GRP is being used more widely across Africa as well, and in the last year we have had three projects in the DRC and Sierra Leone. This is still mostly required by private international companies and no municipalities yet.

The US Federal Highway Administration did a study on 71 road projects with a total value of over $1-billion. They found that using utility detection during a project cost less than 0,5% of the total value of the project, but the saving it resulted in was 1,9% of the total cost. If an overall cost saving of more than triple the cost of the detection work is possible, as well as a decrease in delays, then this is something we should to take note of in South Africa.

Fig. 7: The Dutch one-call system, called KLIC.

In 2004, Belgium’s biggest gas pipeline explosion occurred about 50 km south of Brussels, killing 24 people and disabling the 1 m diameter, 80 bar pressurised line for six weeks. Following this, their neighbour, The Netherlands, passed a law that made it mandatory for both excavators and asset owners to register assets in a one-call system, called Klic. Over the years this system has developed into arguably the best “dial before you dig” system in the world.

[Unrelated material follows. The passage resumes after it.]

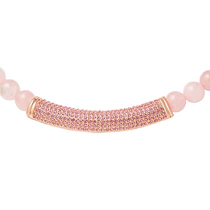 This rose quartz and pink crystal necklace is designed to exude feminine elegance. Studded with 42 rose quartz beads of 9-11 mm, the necklace captivates with a pink crystal-studded centrepiece that is finished with a rose gold tone that complements its soft glow. At Size 20, the necklace falls elegantly between the collarbone and the centre of the bust.

The system runs 24/7 and has a response time (with all the required detail) of less than one day. Users can file a request and view all maps on a smartphone or tablet. Measurements from a wall or road are provided, meaning the system’s users know exactly where objects runs. The accuracy of pipe and cable locations are also continually improved. Whenever an excavation finds a pipe or cable in a position different from what the Klic system shows, it can be logged with photos and measurements. The owner of that asset then has a week to investigate and update the correct position. The next phase of the system development aims to have all maps in augmented reality to enable users to walk with the app in-hand and view the sub-surface objects on screen. All of this is possible because the Dutch government forced all asset owners to save their information in the same format. Before we can hope to achieve this in South Africa we would need buy-in from all stakeholders – government and private.

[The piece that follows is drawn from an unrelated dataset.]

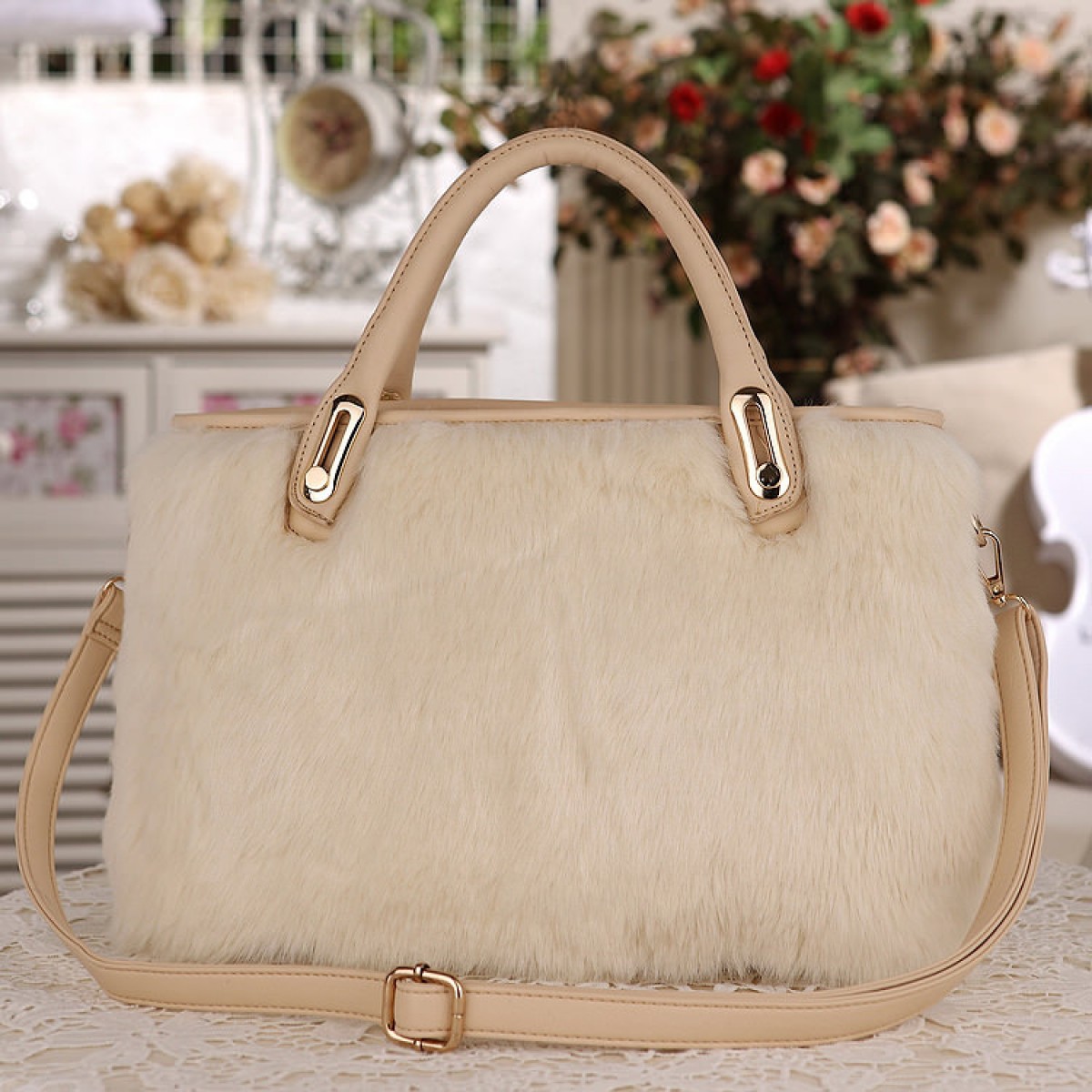OPC1907 Beige PU + Fur Size : 33x10x19 (Harga Asli 180.000)

During 2016, Japan (a country with 124-million people and a paved road network of 973 000 km, compared to 158 000 km in South Africa), only recorded 134 instances where underground utility damage occurred through excavation. This contrasts with the 400 000 instances recorded in the US every year.

Geoff Zeiss, an expert in the geospatial software industry, writes how they implemented a one call system in Calgary in the US, and this system reduced the average number of hits to 0,25 hits per 1000 excavations.

Every construction project requires investing time and effort prior to and during excavation to locate underground utilities. Construction bids are routinely inflated by 10% to 30% to accommodate risk associated with unknown or poorly located underground utilities  In the US this has engendered what is estimated to be a $10-billion per year industry. Every state in the US and most provinces in Canada have a one-call centre and legislation that requires anyone planning to excavate to contact the centre. Utilities and telecoms are required to send crews to locate and indicate with paint or pin flags the location of their underground infrastructure. Because they are considered liable for any underground damage, construction contractors do not rely solely on this information but increasingly use expensive vacuum and hydro excavation equipment to detect and expose underground infrastructure. Unfortunately the information captured by these techniques is rarely shared and the location of underground infrastructure is recaptured repeatedly.

A tool with diverse applications

GPR is the most common and widely used method for utility detection and in South Africa there are many industries already making use of this technology with great success. For better results and wider adoption of GPR, all role players – including asset owners, municipalities, consulting engineers and utility detection companies – will have to acknowledge its benefit and start applying it in their work.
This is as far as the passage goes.